If you think of a chromosome, what comes to mind? Most people imagine the twisted ‘X’ shape seen in the media and textbooks. Chromosomes do in fact look like this for a brief period in their life cycle, but most of the time these images are inaccurate.
However, researchers from Harvard University Graduate School of Arts and Sciences are hoping to change that. In a study published in Cell, Jun-Han Su and colleagues have reported a method of creating stunning 3D images of human chromosomes that they hope will be used to educate the next generation of scientists. Capable of more than just impressive imagery, the technology could be used to understand the inner workings of our chromosomes in finer detail than ever before.
"It's quite important to determine the 3D organization," said Xiaowei Zhuang, a David B. Arnold, Jr. professor of Science, in a statement, "to understand the molecular mechanisms underlying the organization and to also understand how this organization regulates genome function."
Chromosomes are structures within our cells that contain all our DNA. The DNA is first wound around proteins to form chromatin, which is further wound and packed tightly to create chromosomes. Humans have 23 pairs of chromosomes in each cell, with one of each coming from the father and one from the mother.

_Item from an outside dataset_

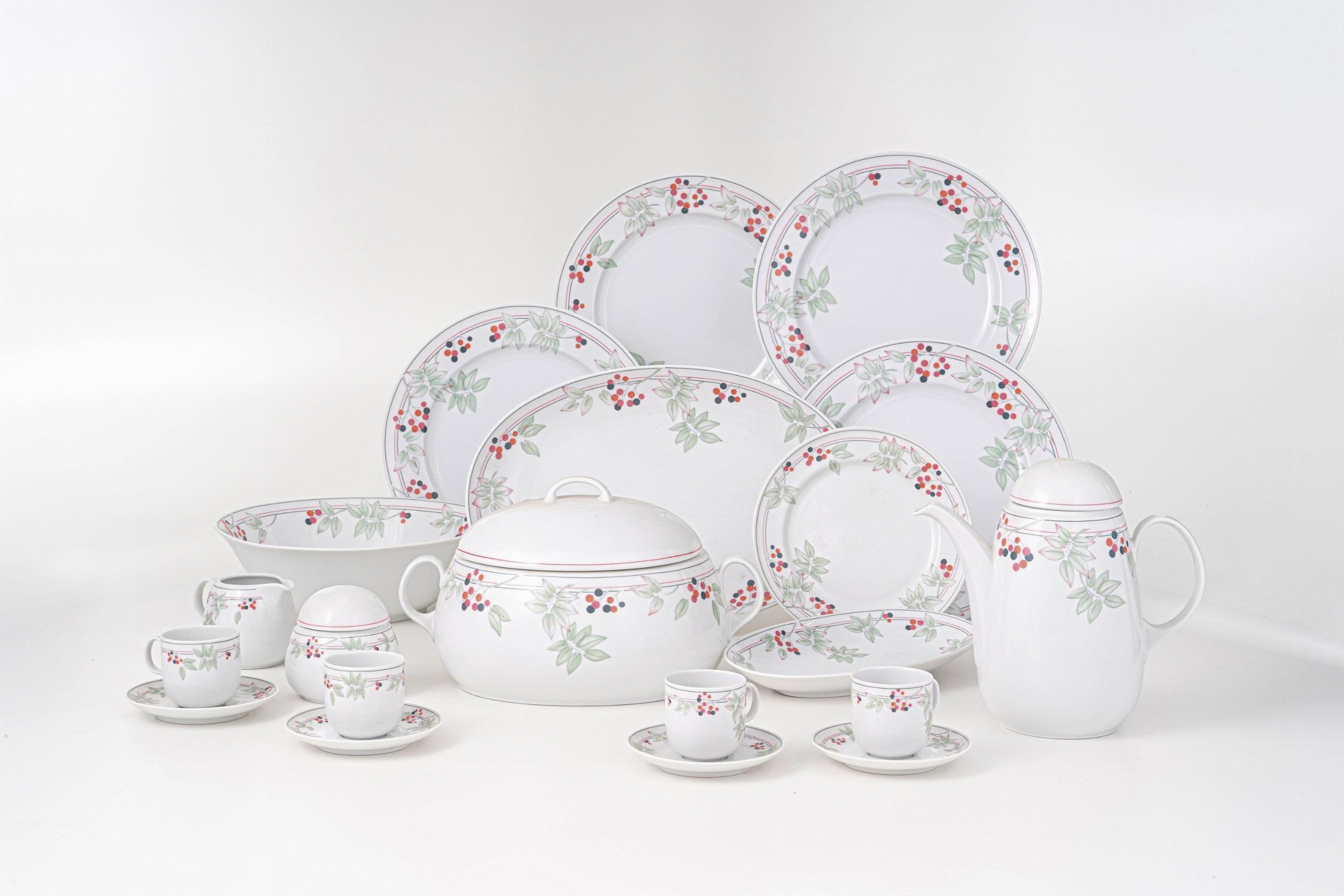 Servizio piatti in ceramica dipinto con ciliege. Seltmann Weiden Bavaria

Whilst we have relatively good ways of imaging chromosomes in 2D, creating an imaging technique that can visualize the tiny, densely packed chromatin in 3D is a challenge. To solve this problem, the team devised a way of deciphering the fine details of the chromosome structure – they created a genetic ‘dot-to-dot’. Within a chromosome, there are many regions of DNA in which the sequence is known to the researchers and can be tested for, called genetic loci. By imaging many loci rapidly, connecting them together and combining the deciphered structure with high-resolution microscopy images, a 3D image of the chromosome can be created in impressive detail.

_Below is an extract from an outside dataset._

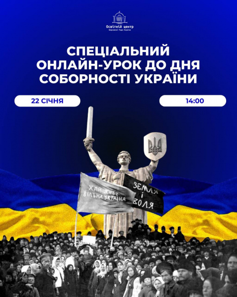 Освітній центр анонсує спеціальний онлайн-урок до Дня Соборності України!
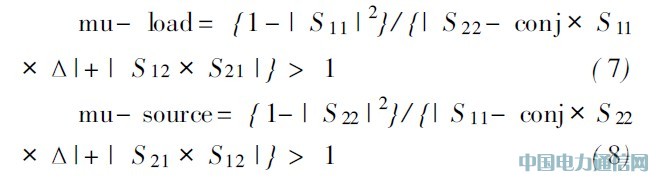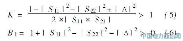 放大器電路必須滿足的首要條件之一是其在工作頻段內的穩定性。因為射頻電路在某些工作頻率和終端條件下有產生振蕩的趨勢。它一般取決于晶體管的S 參數和置端條件。功率放大器的穩定性可以根據穩定因子來判定,計算公式如下:

The idea builds upon existing technology called fluorescence in-situ hybridization (FISH), which uses fluorescent probes to visualize specified regions of DNA, but this technology has a much higher throughput and leverages the data to impressive 3D images.
A chromosome 3D imaging technique has massive implications for understanding gene interactions within a chromosome, and the team were eager to put it to use. After the structure was created, Zhuang and colleagues analyzed the data to determine how the chromosome structure changes to most efficiently read the genes contained within. They discovered that areas with high gene content would move to similar regions of the chromosome, where it is likely high levels of gene transcription occurs, while areas of low gene content will only go to the same place if they share the same chromosome.
Despite the impressive findings, the authors outline limitations to their new method. To image the chromosome structure, specific targeted loci need to be used, so unknown stretches of DNA cannot be imaged. They also state that the imaging process may slightly alter the structure of the chromatin, which may render it less effective than alternatives when imaging extremely small structures.
The researchers will continue their work and utilize results from other labs to fully understand the structure of chromosomes in every cell of the body – an ambitious but possible goal with such technology.